The case against until_no_eintr

Sun Feb 21 02:01:34 GMT 2010

Martin (gzlist) wrote:
> I realise I may not have conveyed, beyond the "it's currently really
> broken" why I think the until_no_eintr approach is a bad idea.

Thanks for sending this!

[...much good explaining snipped...]
> Using until_no_eintr takes a narrow problem with sockets and pipes and
> spreads it all over the standard library and all over bzrlib.

Would it be accurate to summarise your view as “this needs to be fixed
in Python, because it's impossible for Bazaar to fix it everywhere”?  If
so, I absolutely agree.

However, the Python versions we run on today don't have those fixes.
So I'd like Bazaar to try to do what it reasonably can to mitigate
against the bug.

One approach would be to call signal.siginterrupt(signum, False) for
every signal, or at maybe those with signal handlers other than SIG_IGN.
I'm not totally certain this won't have undesireable side-effects
(anything involving signals always seems to involve unpleasant
surprises), but on my reading so far it might be ok.  This function is
only available since Python 2.6, but maybe we could attempt to use
ctypes or a small C module to do it on 2.4 and 2.5.  What do you think?
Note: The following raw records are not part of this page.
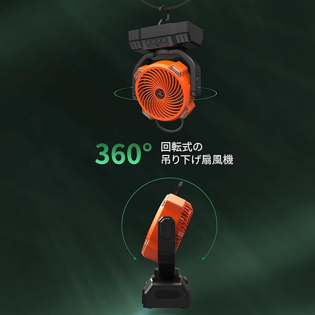 広範囲な調整機能:左右に90°の自動首振り機能と、上下に360°手動で調整可能な角度設定で、広範囲に涼しさを提供します。顶部と底部には吊り下げ用のフックも装備されています。
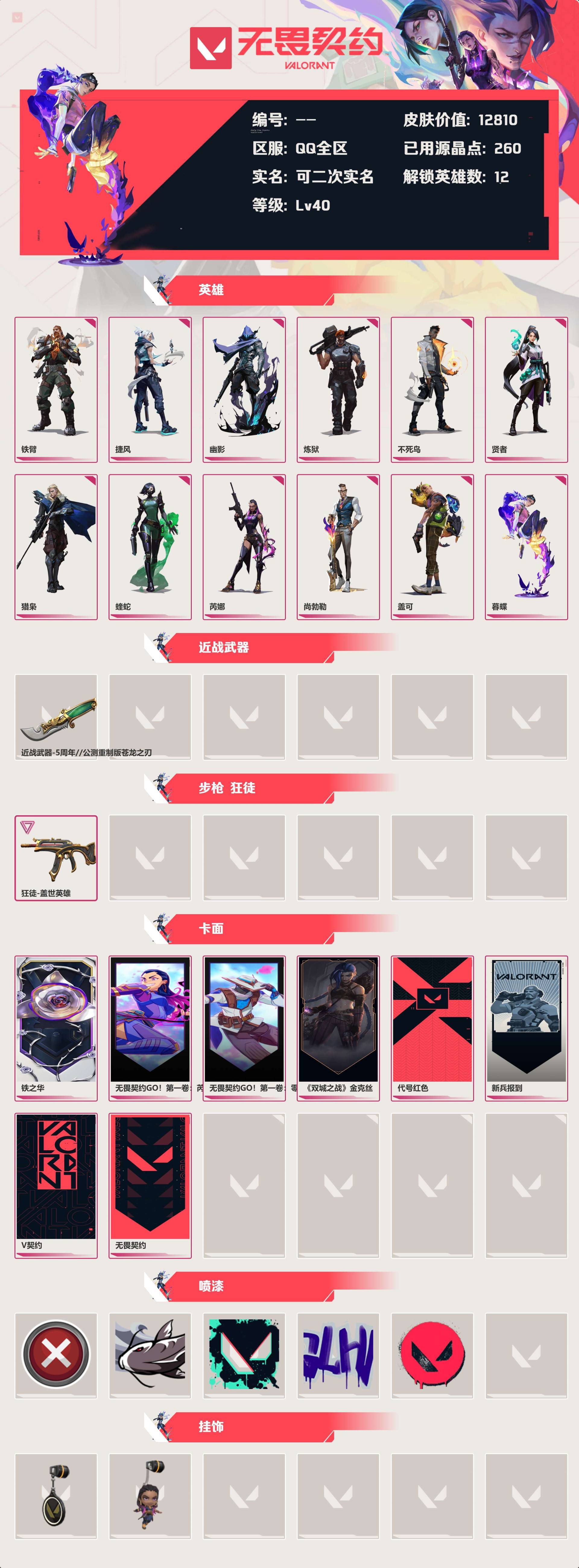 [13344607]等级:lv40 | 白银i/ 已用源晶点:260/ 皮肤价值:12810/ 英雄数:12/ 【英雄】 铁臂 捷风 幽影 炼狱 不死鸟 贤者 猎枭 蝰蛇 芮娜 尚勃勒 盖可 暮蝶 【套装】 盖世英雄套装(盖世英雄狂徒) 【近战武器】 近战武器-5周年//公测重制版苍龙之刃 【步呛 狂徒】 狂徒-盖世英雄 【卡面】 铁之华 无畏契约go!第一卷:芮娜 无畏契约go!第一卷:零 《双城之战》金克丝 代号红色 新兵报到 v契约 无畏契约 【喷漆】 买装还是存钱 松叶 胜利属于无畏契约 glhf 无畏契约 【挂饰】 无畏契约 无畏契约go!第一卷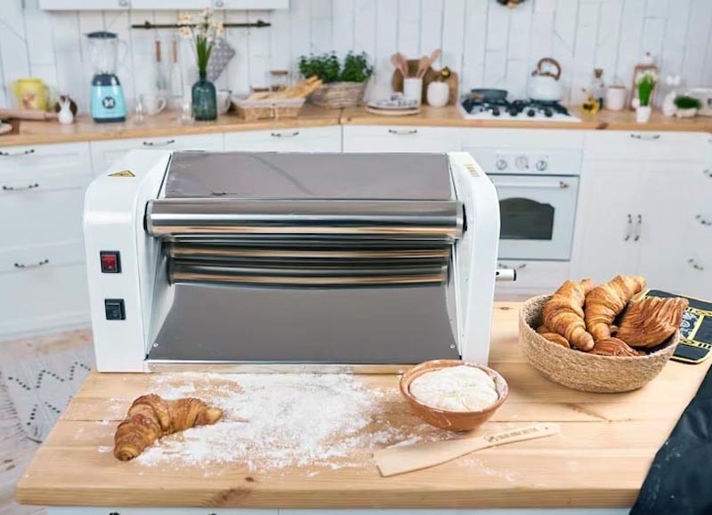 Тісторозкатувальна машина TN07-20-400 використовується для розкочування розкочування тіста просфор, чебуреків, пельменів, хінкалі, піци.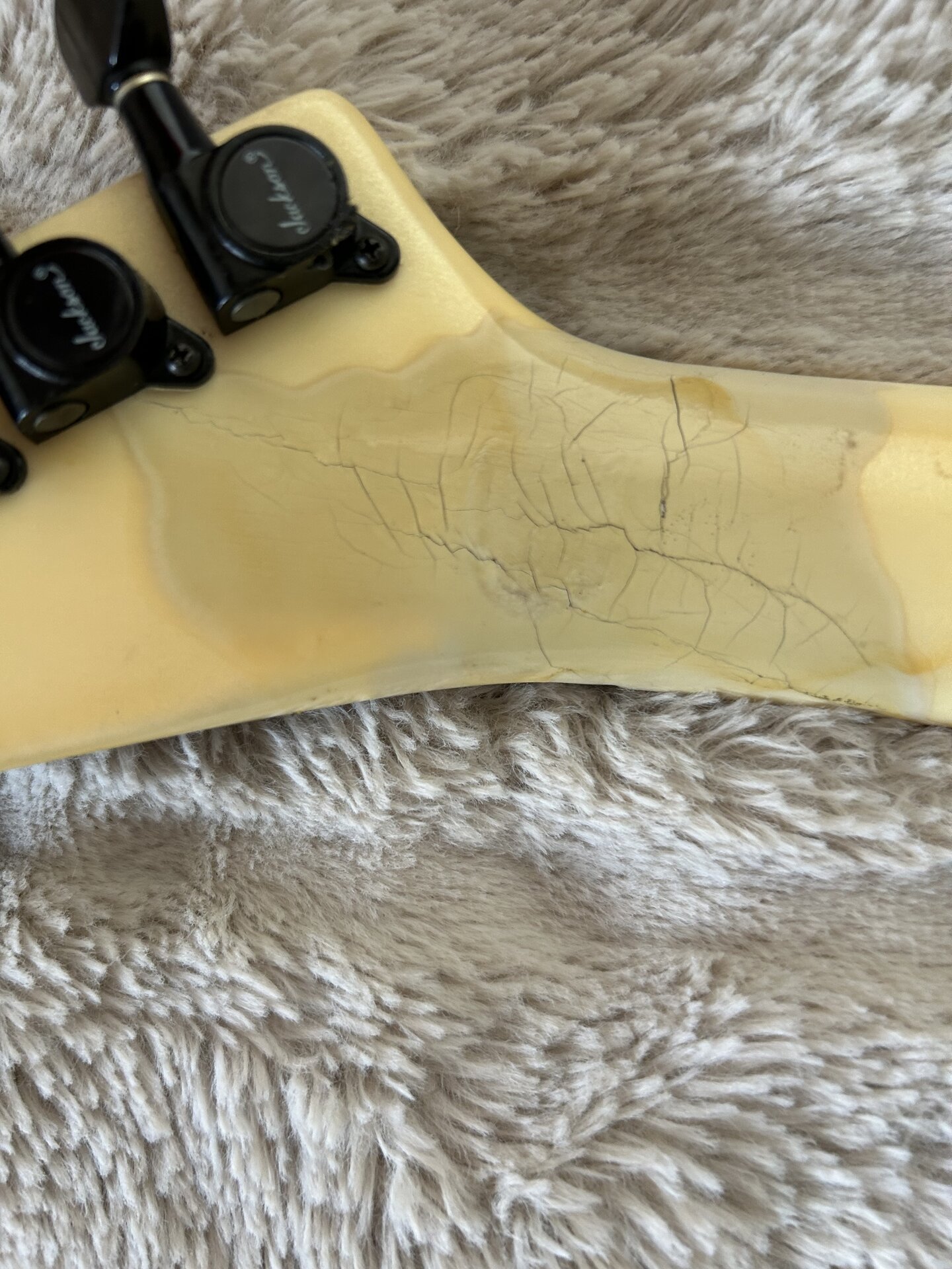 Der Hals ist in den 90er Jahren einmal gebrochen und wurde in einer Fachwerkstatt für Gitarrenbau professionell repariert!

Otherwise, I don't see what's wrong with working around the bug as much
as practical in bzrlib.  Yes, we can't fix bugs in e.g. ftplib, but we
can at least make sure that talking to an SSH process is robust (and for
that matter, we can make sure that large uploads via FTP are robust,
even if we can't fix the small writes ftplib will make on the control
channel).  It's not really much different to bzrlib.cleanup, which in
essence provides a workaround for Python 2.4's lack of “try/finally
blocks where exceptions during finally don't override exceptions from
the try”, or using bzrlib.tuned_gzip to because the builtin gzip was too
slow.

> Peronally, I'd be happy with an 80% approach that addresses only those
> places where interruption is actually likely as opposed to
> theoretically possible. What really needs to be avoided are fixes that
> turn a rare exception into silent loss or duplication of data on the
> wire. Bazaar can (and already has to for other reasons) recover from a
> connection being dropped unexpectedly, and there's only so much
> robustness than can be expected from Python (or C) code.

I agree some places are more important to fix than others, and that the
fixes really need to be completely safe (unlike many of the current
uses of until_no_eintr, which are very broken).

I don't think it follows that because Bazaar has to cope with connection
drops, so therefore failures due to EINTR are acceptable.  As a user,
I'm ok with a failure because my internet connection dropped out.  I'm
not ok with a failure because the Bazaar GUI I'm using had a subprocess
finish while during a push.

(And as a developer, it's very inconvenient for the SIGQUIT-for-pdb
feature to break the active connection.)

> Andrew has mentioned in the merge request for my first pass at a
> different method[1] that the sendall-with-bug-workarounds should be a
> public function, and there's a use of sendall in bzrlib.transport.ftp
> that could be using it as well. Well, let's take another example from
> the same module:

Even without the EINTR-workaround, I still think that method should
exist, because of it avoids 10053 errors on windows and it will give
better activity reporting than sock.sendall directly.  I'm certain that
using it in that one place in ftp.py will give noticeable improvement to
the feedback the UI gives during an upload via FTP.  So I think the
argument for a send_all (to socket) method in osutils is orthogonal to
the until_no_eintr discussion.

It's likely that we haven't been filing enough bugs on Python about
these sorts of issues, and if so I'm sorry about that and will think
about how to do better.

-Andrew.